15  Machine Learning I: Introduction to Machine Learning

Section Learning Objectives
  • Introduction to machine learning
  • Simple example
  • More examples

This chapter and the next are heavily built on two chapters in Géron (2022) “Hands-On Machine Learning with Scikit-Learn, Keras & TensorFlow,” Third Edition. You can find a link to the GitHub page of this textbook at Geron GitHub

Géron, Aurélien. 2022. Hands-on Machine Learning with Scikit-Learn, Keras & Tensorflow. 3rd ed. O’Reilly Media.

Machine learning is ubiquitous. Machine learning algorithm guide your daily google searches, determine the way Netflix presents its offerings to you, guide your selections when shopping on sites such as Amazon, translate your spoken words into code that your Phone or any other of the many voice assistants can process further into meaningful services for you, drive Teslas semi-autonomous, or simply recognize your face on a photo you upload onto Facebook. These are just a few of the many many examples where Machine Learning has entered your life, whether you are aware of it or not.

Brief History of Machine Learning

Brief History of Machine Learning

One of the earliest examples of a Machine Learning algorithm that you are familiar with is the Spam Filter. We will be using this example to further explain what machine learning does and how different machine learning algorithms can be classified.

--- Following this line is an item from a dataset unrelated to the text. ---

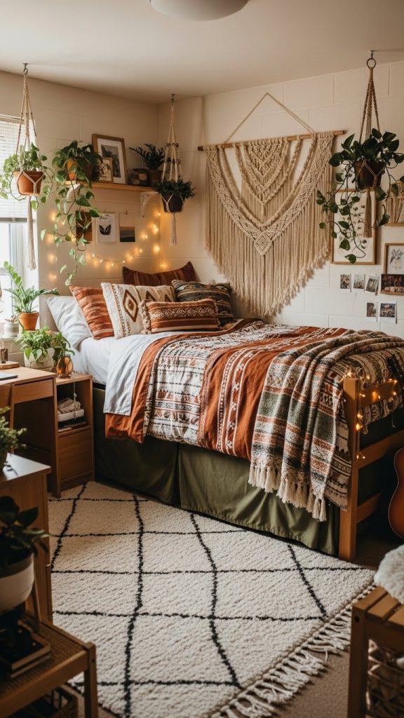 Wall decor can include tapestries, hanging plants, or framed art prints. Since dorm rules often limit nails, use removable hooks and adhesive strips. Plants, whether real or faux, are essential for a boho look and instantly bring life to the room.

15.1 Different Types of Machine Learning Algorithms

Machine learning algorithms can be classified according to the following criteria:

  1. Supervised vs. unsupervised vs. reinforcement learning

    Are they trained (estimated) with human supervision, without
    supervision, or do they reinforce actions based on rewards and
    penalties.
  2. Online vs. batch learning

     Do they learn incrementally as data becomes available or do
     they require "all of the data" at once
  3. Instance-based vs. model-based learning

     Do they compare new data points to known data points or do
     they detect patterns building a predictive model (based on
     parameters)

Let’s discuss this classification in some more detail. In supervised learning, the training set (i.e., data) you feed to the algorithm includes the desired outcome or solution, called label (i.e., the dependent or outcome variable). In other words, if you know what your outcome variable is, i.e., what it measures, then we say it has a label because you are able to classify the outcome variable according to some criteria.

If, on the other hand, you do not even know what exactly your outcome variable is, i.e., it is missing a label that would allow a quick classification of this variable, then we are talking about so called Unsupervised learning which deals with unlabeled data. In this instance we are usually trying to find some patterns in the outcome variable that we can then use for a possible interpretation of what the outcome variable actually measures.

Figure 15.1 summarizes the different types of machine learning according to our first classification above where we distinguished between

  1. Supervised Learning,

  2. Unsupervised Learning, and

  3. Reinforcement Learning.

Figure 15.1: Classification of ML algorithms.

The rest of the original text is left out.